Geoscientists from the University of Arizona have developed a new method in predicting changes in global surface temperature by looking at the amount of sea level rise in the Pacific.
The new method, described in a paper published in the journal Geophysical Research Letters, suggests that changes in the sea level in the Eastern and Western Pacific can be associated with the increase or decrease of global surface temperatures.
"We are the first to use sea level observations to quantify the global surface temperature variability," said Jianjun Yin, an associate professor of geosciences at the University of Arizona and co-author of the study, in a statement. "Using sea surface height rather than sea surface temperatures provides a more accurate reflection of the heat stored in the entire water column."

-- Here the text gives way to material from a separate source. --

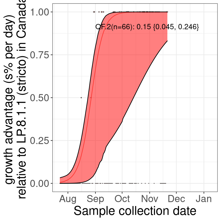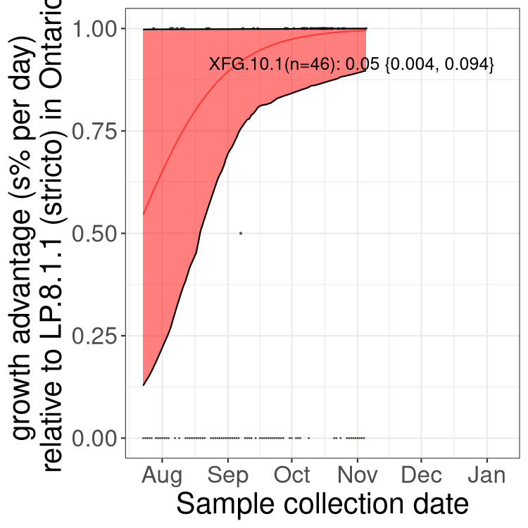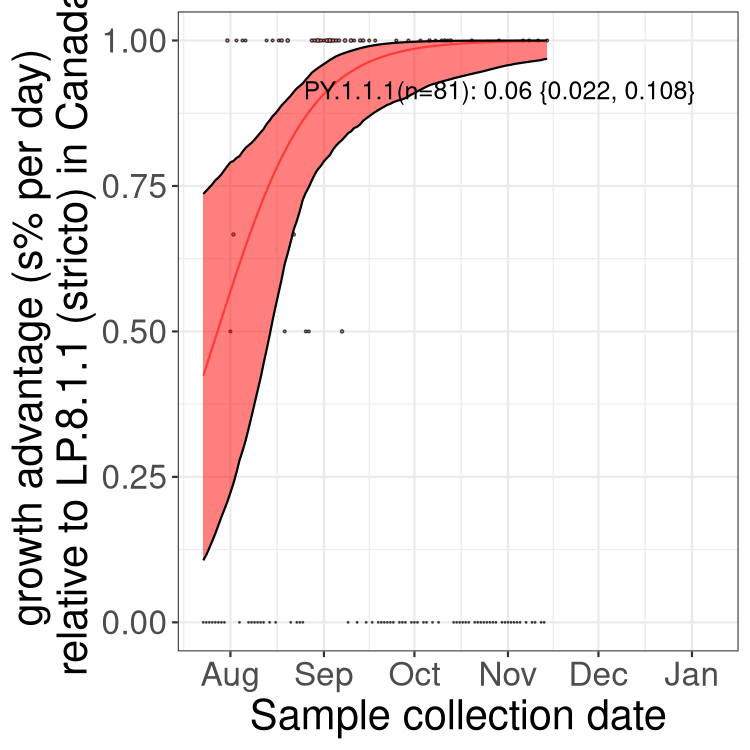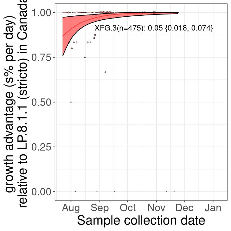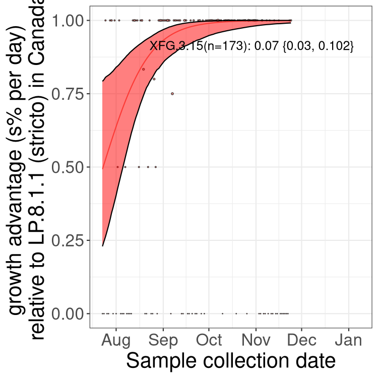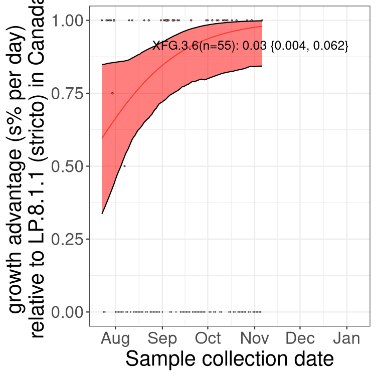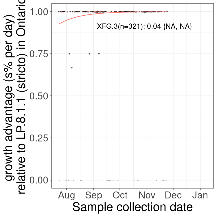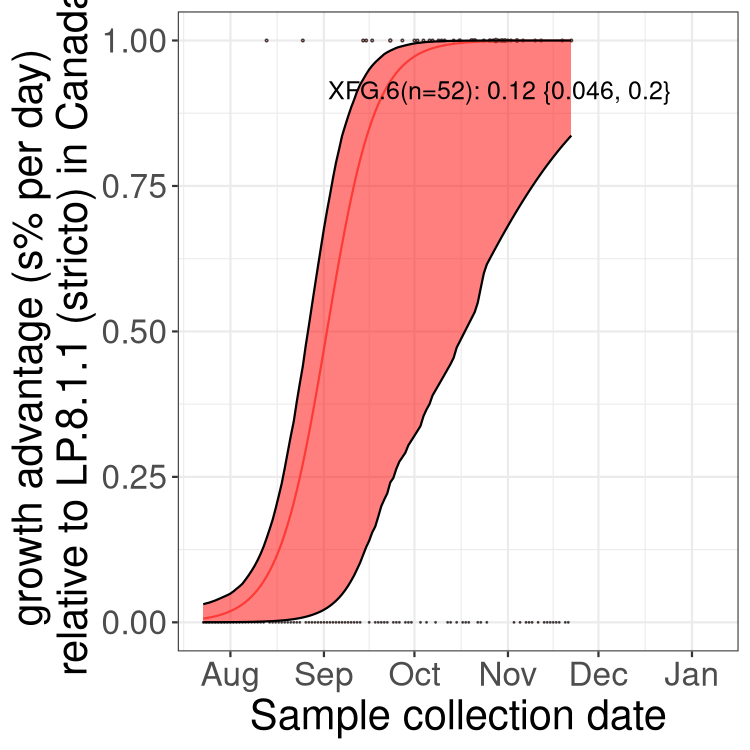 These estimates of selection ignore heterogeneity within provinces and may be biased by the arrival of travel-related cases while frequencies are very low. Sampling strategies that oversample clustered cases (e.g., sequencing outbreaks) will introduce additional variation beyond the multinomial expectation, but these should lead to one-time shifts in frequency rather than trends over time. Provinces with sampling strategies that are variant specific are removed, unless explicit information about the variant frequencies is available.
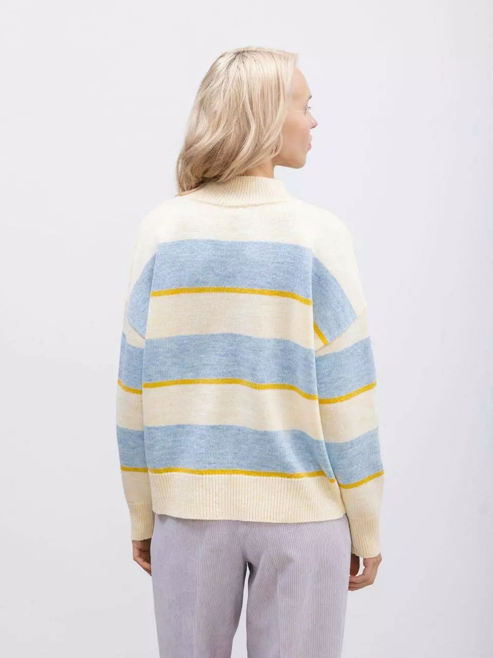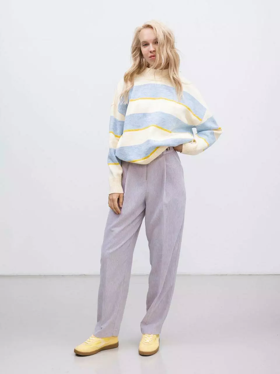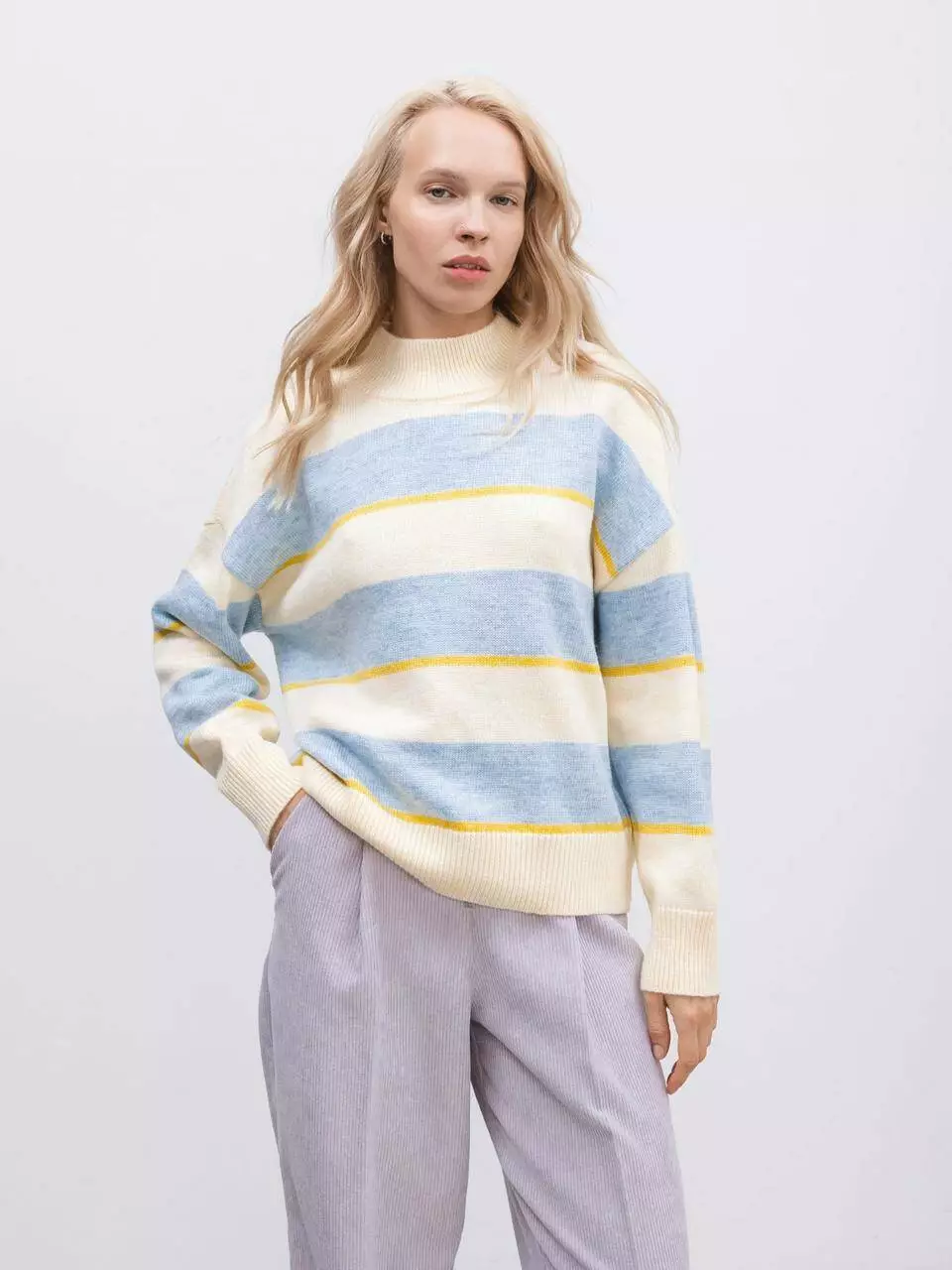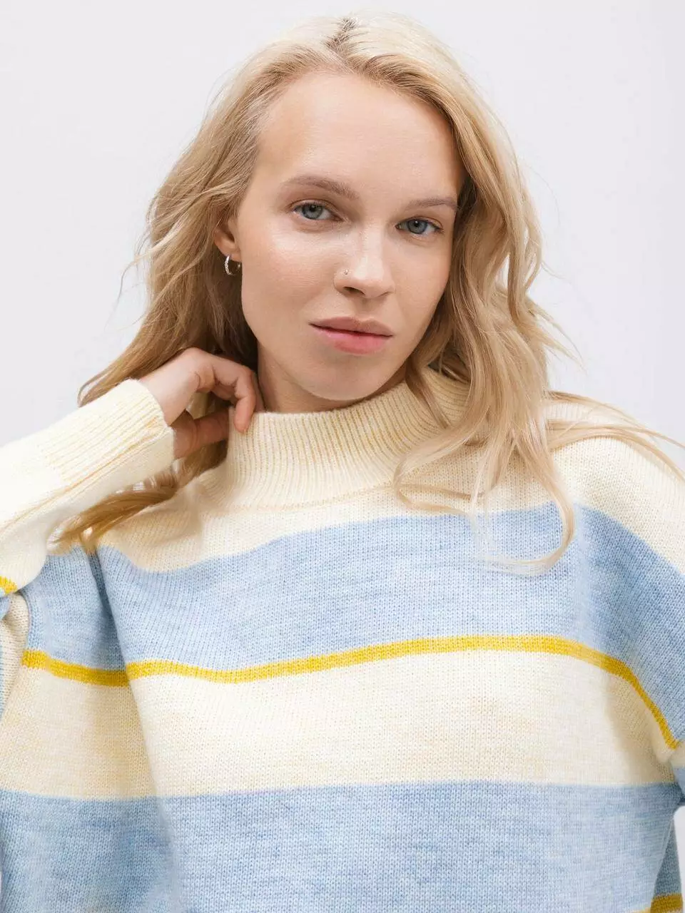 Теплий светр в блакитно-помаранчеву смужку р. XS

For the study, Cheryl Peyser, a doctoral candidate in geosciences at University of Arizona and first author of the study, used state-of-the-art climate models to determine what the climate system would do in the absence of global warming,
Their model showed that changes in sea level in the western Pacific correlated changes in the global surface temperatures. Using actual sea level data taken by NASA/NOAA/European satellites starting in 1993, the researchers calculated the Pacific Ocean's contribution to global surface temperature.
Their analysis revealed that when the tilt in the Pacific Ocean is steep in the Western Pacific, making the sea level in the Western Pacific rise more than the average, the rise in the global surface temperature slow down and Earth become cooler.
This correlation between the sea level in the Western Pacific and global surface temperature is evident during the phenomenon known as "global warming hiatus" that occurred from 1998 to 2012, when the Western Pacific increased four times faster than the average global sea level rise.
On the other hand, the global surface temperature is warmer when the tilt is steep in the Eastern Pacific, as it did in 2015.
The researchers believe that when sea level in the Western pacific rises, more heat was being stored in the deeper layer, resulting to the global warming hiatus. However, when the sea level in the Western Pacific drops, trapped heat was released, warming the Earth's surface.